### Information shown

= = = = = = =

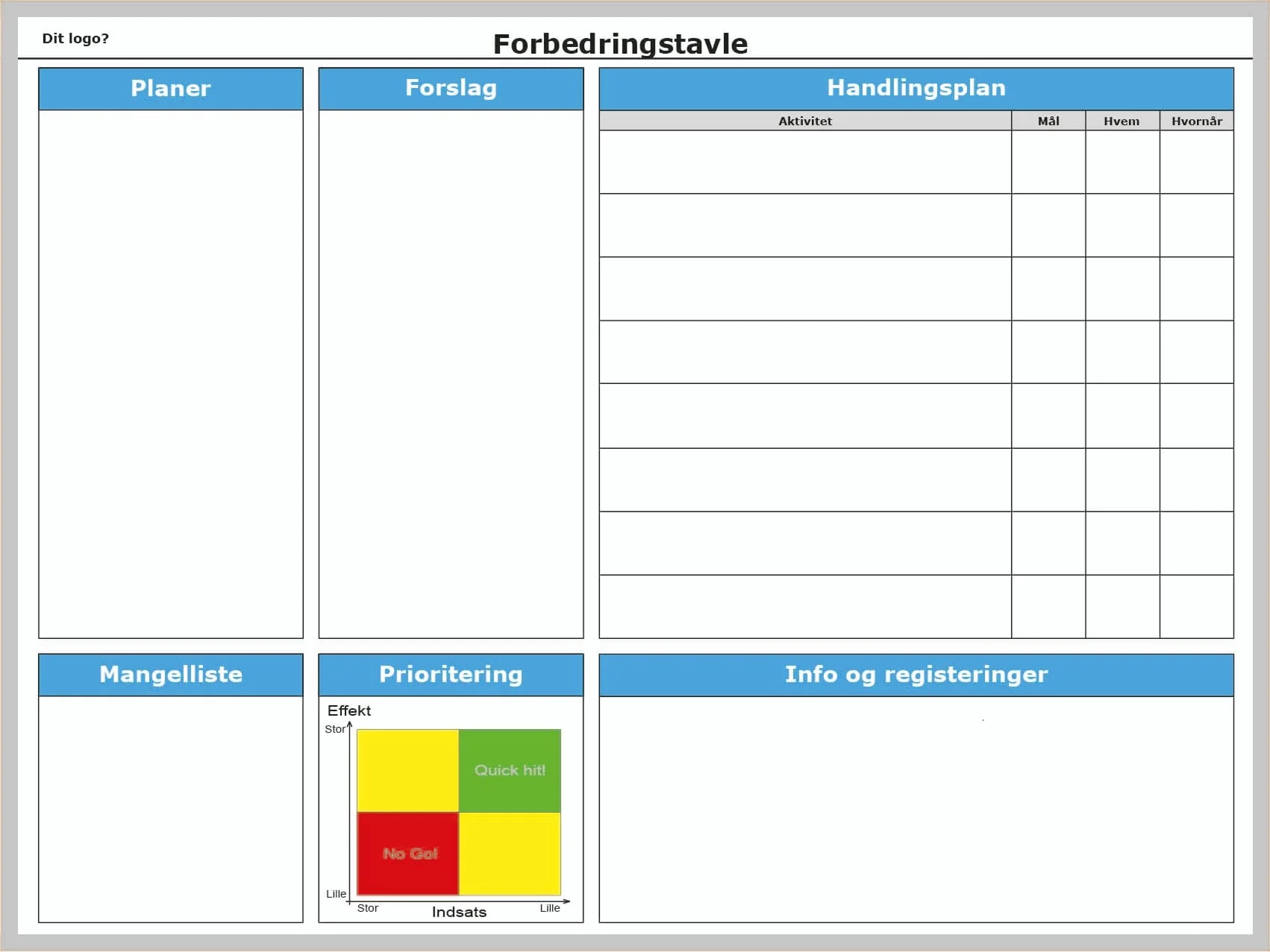 Du kan tilføje eget layout, logo og visuelle kendetegn, så tavlen både er funktionel og giver et professionelt indtryk.
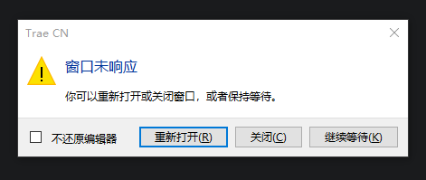 进行了卸载,手工删除工作区域所有文件(C:\Users\wqliu\AppData\Roaming\Trae CN),重装,更换安装目录,重新执行初始化向导,更换其他项目,尝试了 5 次以上,均无法恢复正常,经常报错是crashed,错误码还每次不一样,然后官网上也没找到对应的错误码自查页面。
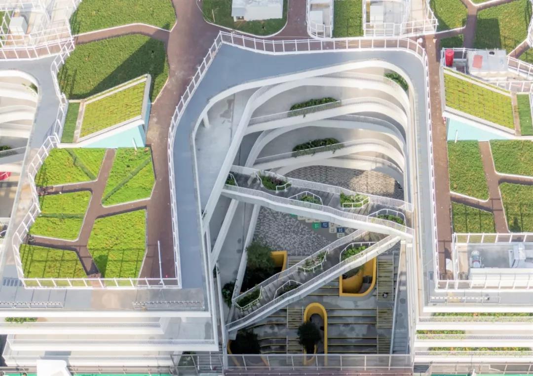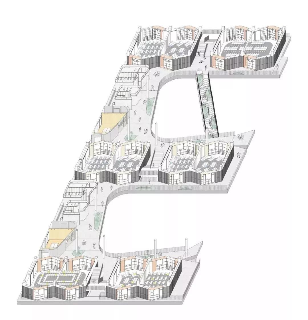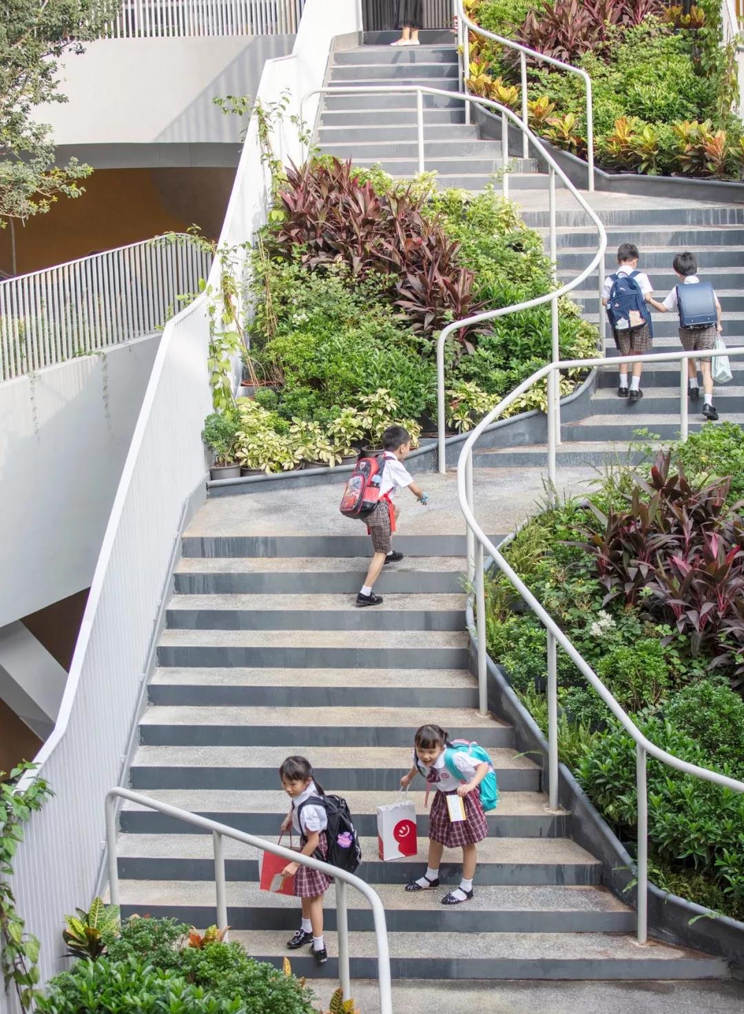 建筑師利用了場地北高南低的條件讓每層的三排課室從南往北各有一米的高差,在E形平板上產生了爬升的地景式行進體驗。最終,兩個“山谷”庭院中各有兩道連接庭院兩側不同樓層的階梯式花園廊橋,在“山谷”的上空懸置了一份獨特的觀賞和游戲體驗。
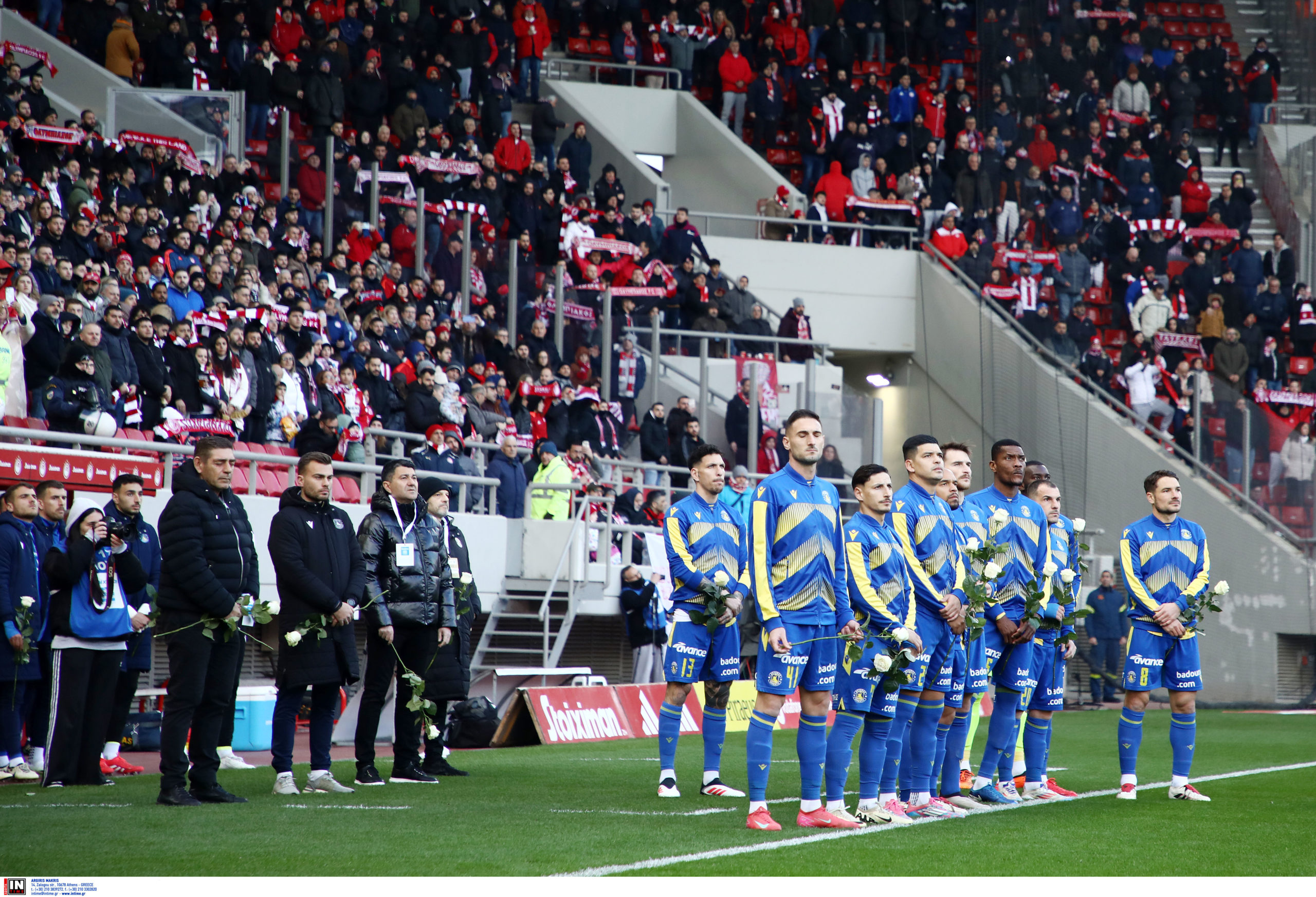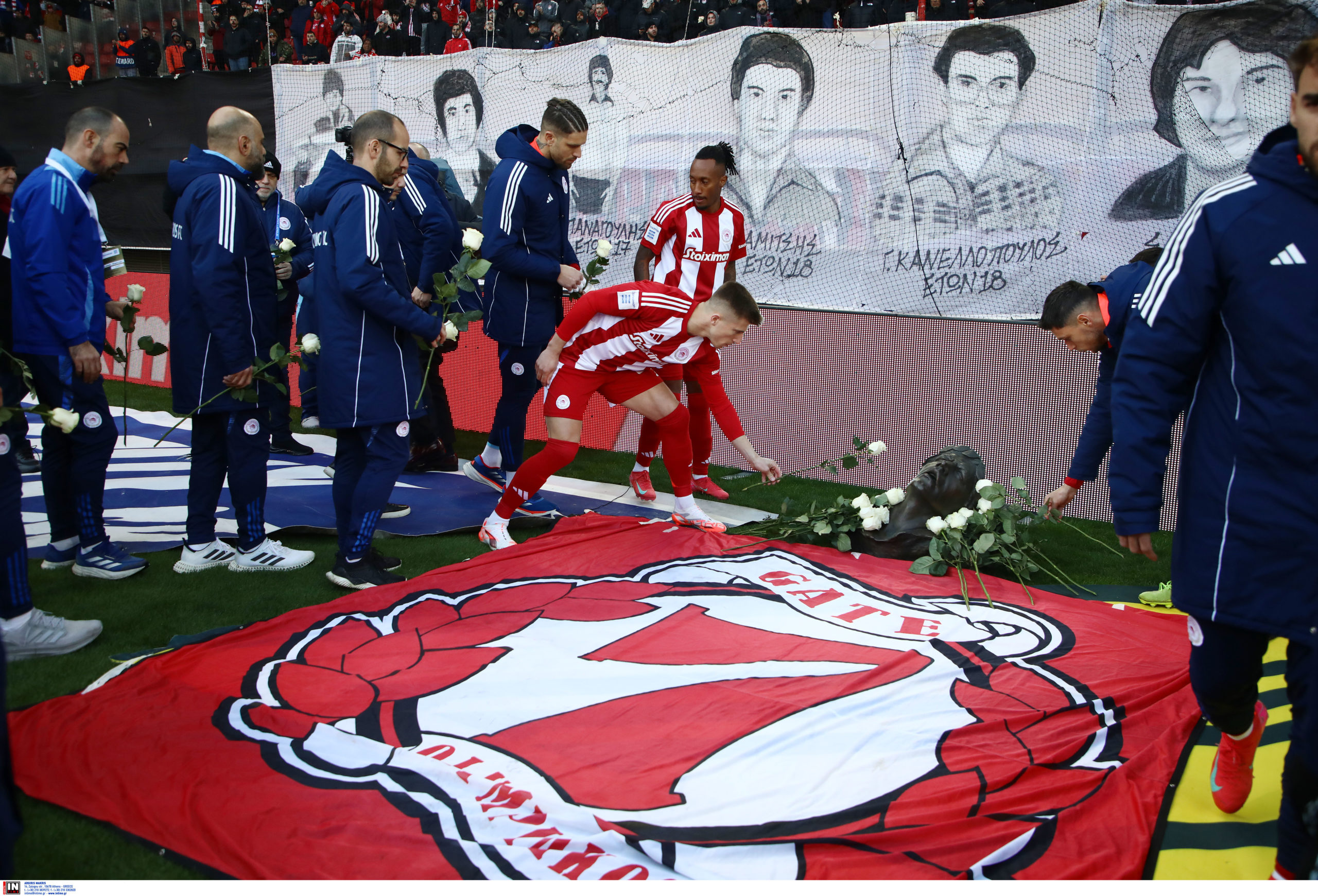 Συγκινητικές στιγμές επικράτησαν σήμερα (Κυριακή, 9/2) στο γήπεδο «Γεώργιος Καραϊσκάκης», πριν από την αναμέτρηση του Ολυμπιακού με τον Αστέρα Τρίπολης, με αφορμή την συμπλήρωση 44 ετών από την τραγωδία της «Θύρας 7».

= = = = = = =

### Problem to solve
The response is the full listing, copied exactly, with the pictures omitted.

### Problem solution
 Du kan tilføje eget layout, logo og visuelle kendetegn, så tavlen både er funktionel og giver et professionelt indtryk.
 进行了卸载,手工删除工作区域所有文件(C:\Users\wqliu\AppData\Roaming\Trae CN),重装,更换安装目录,重新执行初始化向导,更换其他项目,尝试了 5 次以上,均无法恢复正常,经常报错是crashed,错误码还每次不一样,然后官网上也没找到对应的错误码自查页面。
 建筑師利用了場地北高南低的條件讓每層的三排課室從南往北各有一米的高差,在E形平板上產生了爬升的地景式行進體驗。最終,兩個“山谷”庭院中各有兩道連接庭院兩側不同樓層的階梯式花園廊橋,在“山谷”的上空懸置了一份獨特的觀賞和游戲體驗。
 Συγκινητικές στιγμές επικράτησαν σήμερα (Κυριακή, 9/2) στο γήπεδο «Γεώργιος Καραϊσκάκης», πριν από την αναμέτρηση του Ολυμπιακού με τον Αστέρα Τρίπολης, με αφορμή την συμπλήρωση 44 ετών από την τραγωδία της «Θύρας 7».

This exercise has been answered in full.